Depending on such assessments, the Reporting Persons may acquire additional Common Stock or may determine to sell or otherwise dispose of some or all of the Common Stock presently held the by Reporting Persons in the open market or in private transactions. Such actions will depend on a variety of factors, including, without limitation, current and anticipated future trading prices for the Common Stock, the financial condition, results of operations and prospects of the Company, alternative investment opportunities, general economic, financial market and industry conditions and other factors that the Reporting Persons may deem material to these investment decisions. The Reporting Persons reserve the right to change their intention with respect to any or all of the matters required to be disclosed in this Item 4.
Although the Reporting Persons had no plans or proposals at the time of the various purchases and do not have any particular plans or proposals at present, the Reporting Persons have conducted extensive informational discussions with other significant stockholders of the Company regarding the Strategic Review, the Accounts Receivables Adjustments and other recent events involving the Company, its leadership and future direction. The Reporting Persons have communicated with other significant stockholders of the Company their intention to monitor the Strategic Review with a view towards other potential courses of action regarding their investment in the Company, contingent upon the outcomes of the Strategic Review, with particular focus upon its business, direction and appointed and/or elected leadership.

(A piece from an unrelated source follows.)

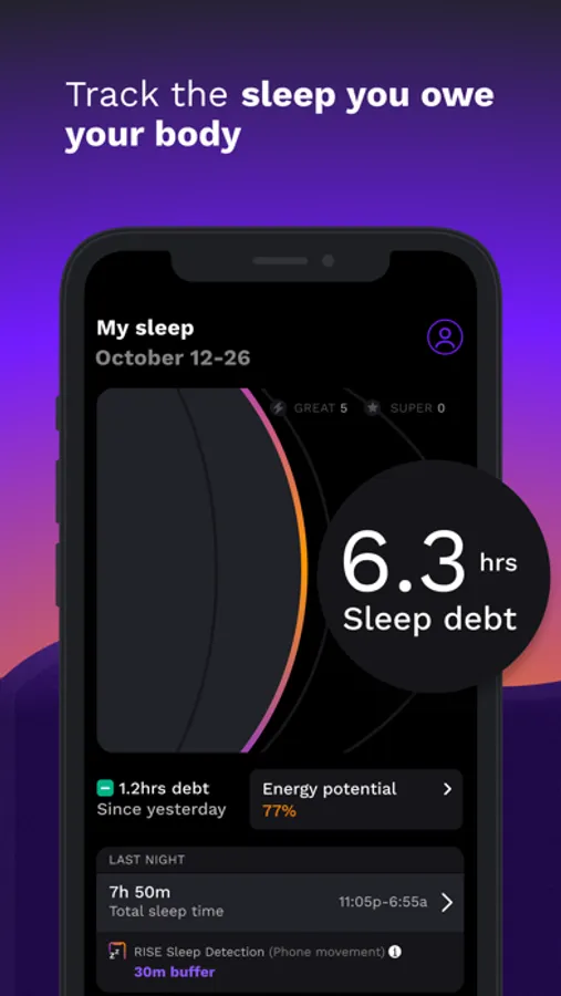 Join over 10 million users! Become a better sleeper and morning person thanks to 100 years of sleep science with RISE, the only sleep tracker that also measures your sleep debt and energy levels.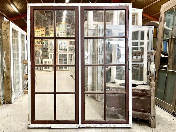 Originalt forsatsvindue med komplet ramme, hængsler og tvinger. Fremstår i fin stand med let afskallende maling. Målene på de forskellige enheder i partiet varierer en smule fra det angivne.

The Reporting Persons intend to review their investment in the Company on a continuing basis and may further engage in communications with and/or express their views to and or/meet with management, the Company’s board of directors, one or more other shareholders, officers of the Company or third parties, including potential acquirers, service providers and financing sources, and/or formulate plans or proposals regarding the Company, its assets or its securities, and may take other steps seeking to bring about changes to increase shareholder value. Such proposals or positions may include one or more plans that relate to the Company’s business, management, capital structure and allocation, corporate governance, board composition and strategic alternatives and direction. During the course of such communications, the Reporting Persons may advocate or oppose one or more courses of action.
Item 5. Interest in Securities of the Issuer
(a) The Snyder Trust may be deemed to beneficially own 13,972,501 shares of Common Stock, representing approximately 9.3% of the outstanding shares of Common Stock. Mr. Snyder, as sole trustee of The Snyder Trust, may be deemed to beneficially own in the aggregate 13,972,501 shares of Common Stock, representing approximately 9.3% of the outstanding shares of Common Stock. These percentages are based on the 149,595,952 shares of Common Stock issued and outstanding on March 31, 2019, as reported in the Company’s Amendment No. 3 to Form40-F, filed on August 20, 2019.
(b) The Snyder Trust has sole voting and sole dispositive power with respect to 13,972,501 shares of Common Stock and shared voting and shared dispositive power with respect to no shares of Common Stock. Mr. Snyder, as sole trustee of The Snyder Trust, has sole voting and sole dispositive power with respect to 13,972,501 shares of Common Stock and shared voting and shared dispositive power with respect to no shares of Common Stock. Mr. Snyder disclaims beneficial ownership of the shares held of record by The Snyder Trust except to the extent of his pecuniary interest therein.